## Goal of the exercise
Word for word, copy the lines from the one with "Чтобы подключить обработку" to the last line of the data below, counting both, and keep every picture out.

--------------------------------

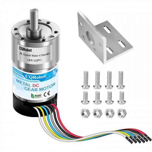 Custom 630:1 Metal DC Geared-Down Motor 37Dx65L mm 6V or 12V, with 64 CPR Encoder and Mounting Bracket.
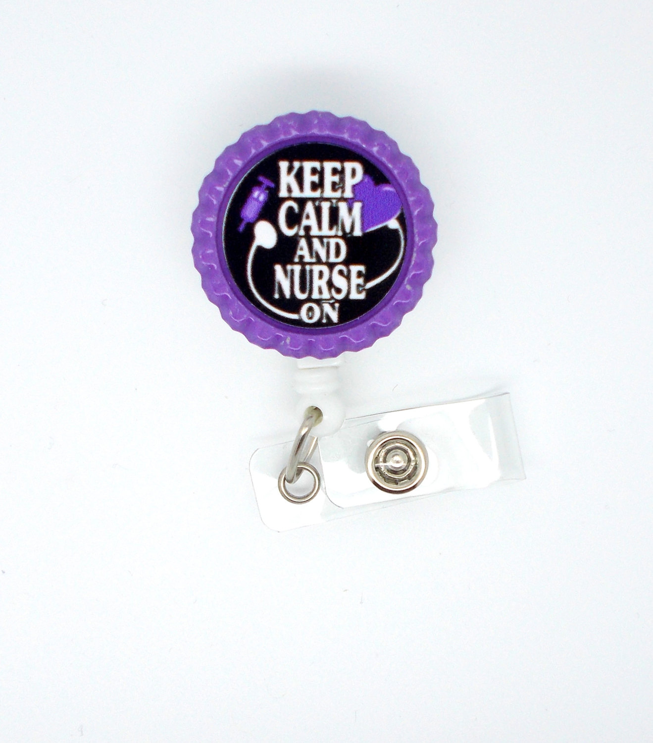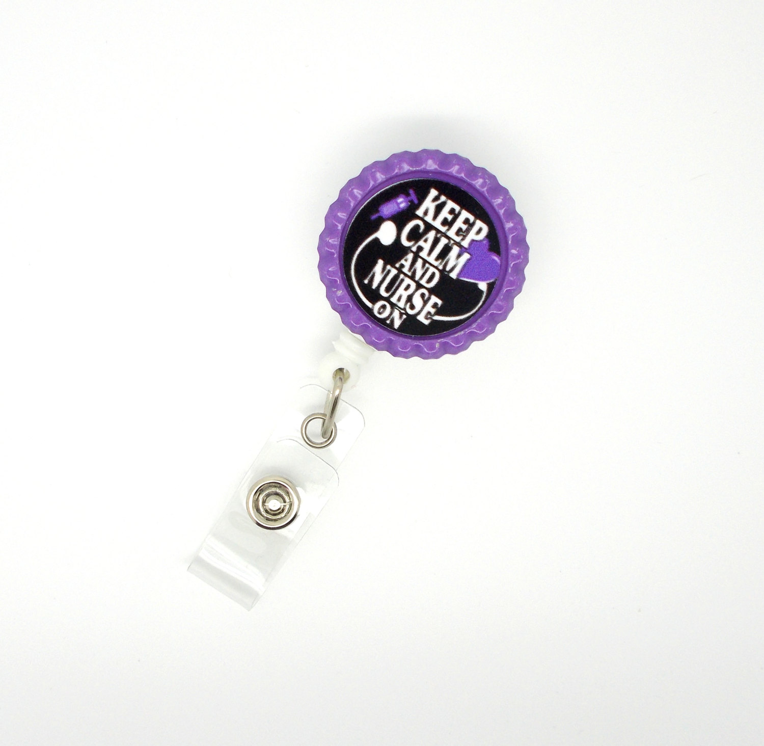 This badge reel features the phrase Keep Calm and Nurse On which is surrounded by a stethoscope and syringe. Graphic has purple accents and is glued to a purple bottle cap. Bottle cap is glued to a white, hard plastic badge reel.
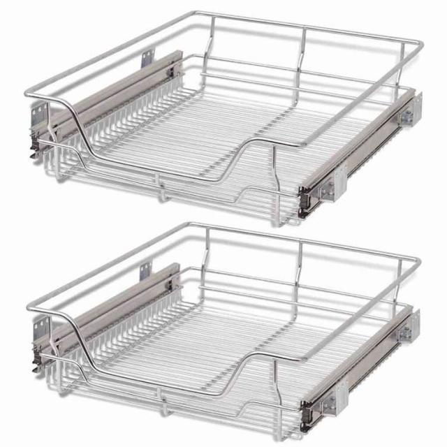 vidaXL 引き出し式 ワイヤーバスケット 2点 シルバー 500 mmホーム&ガーデン キッチン&ダイニング キッチンツール&調理器具 キッチン収納 調理道具ホルダー・ラック(代引不可)【送料無料】
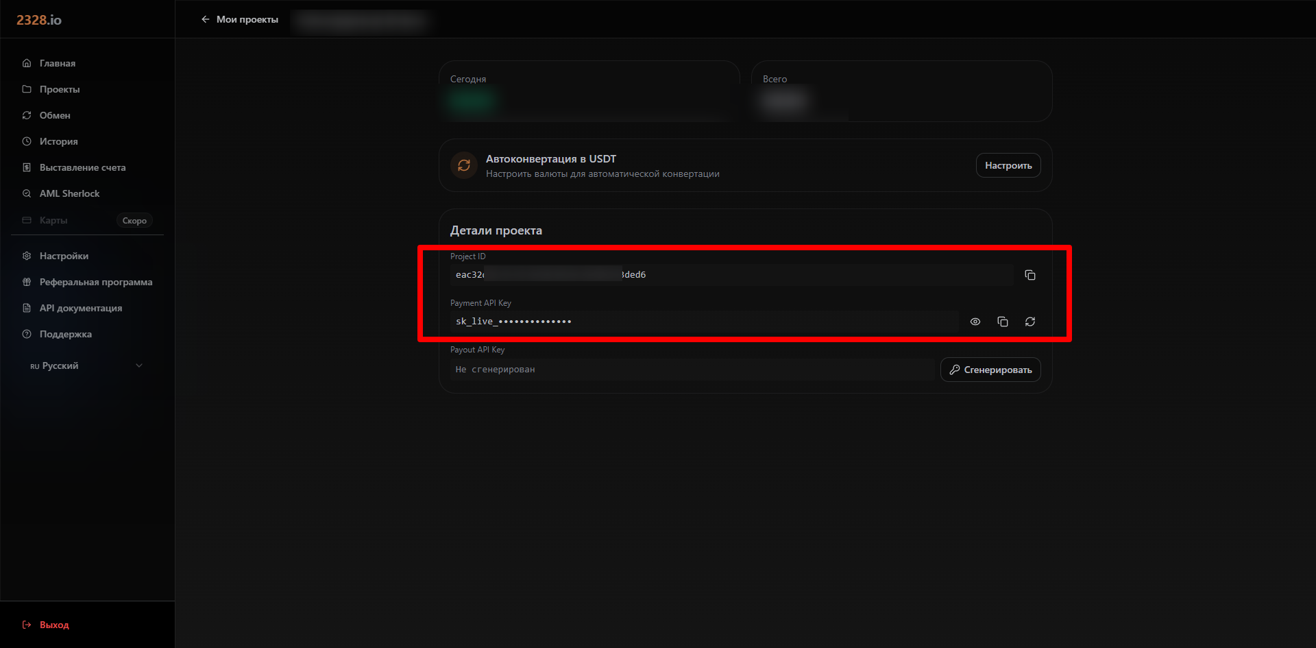 Чтобы подключить обработку платежей 2328.io вам потребуется Project ID и Payment API Key.
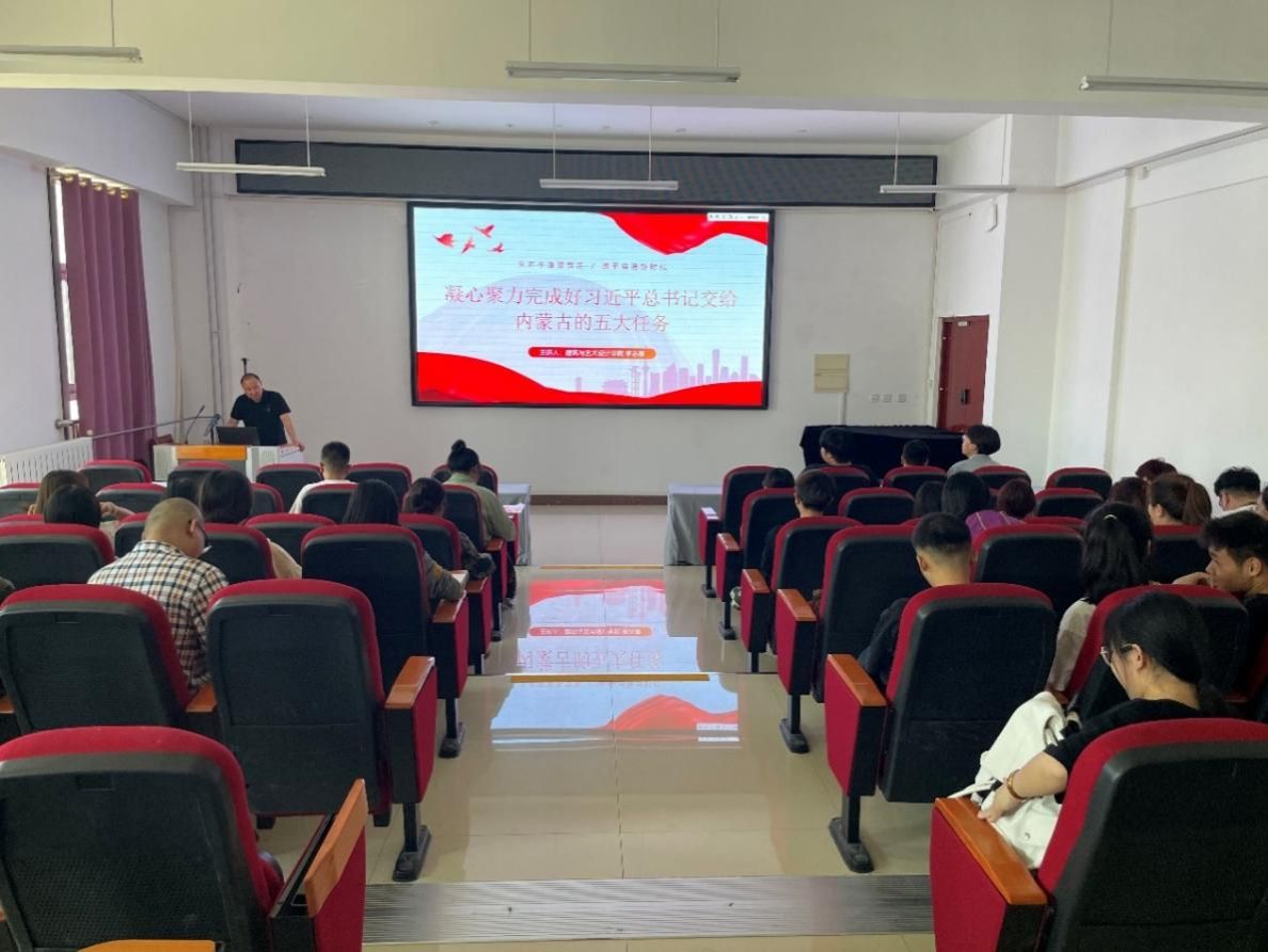 于2024年5月14日12:30在明德楼B401进行“凝心聚力完成好习近平总书记交给内蒙古的五大任务”的党课培训。本次党课主讲培训人是学院党委委员,副院长李志春。

--------------------------------

## Solved problem
 Чтобы подключить обработку платежей 2328.io вам потребуется Project ID и Payment API Key.
 于2024年5月14日12:30在明德楼B401进行“凝心聚力完成好习近平总书记交给内蒙古的五大任务”的党课培训。本次党课主讲培训人是学院党委委员,副院长李志春。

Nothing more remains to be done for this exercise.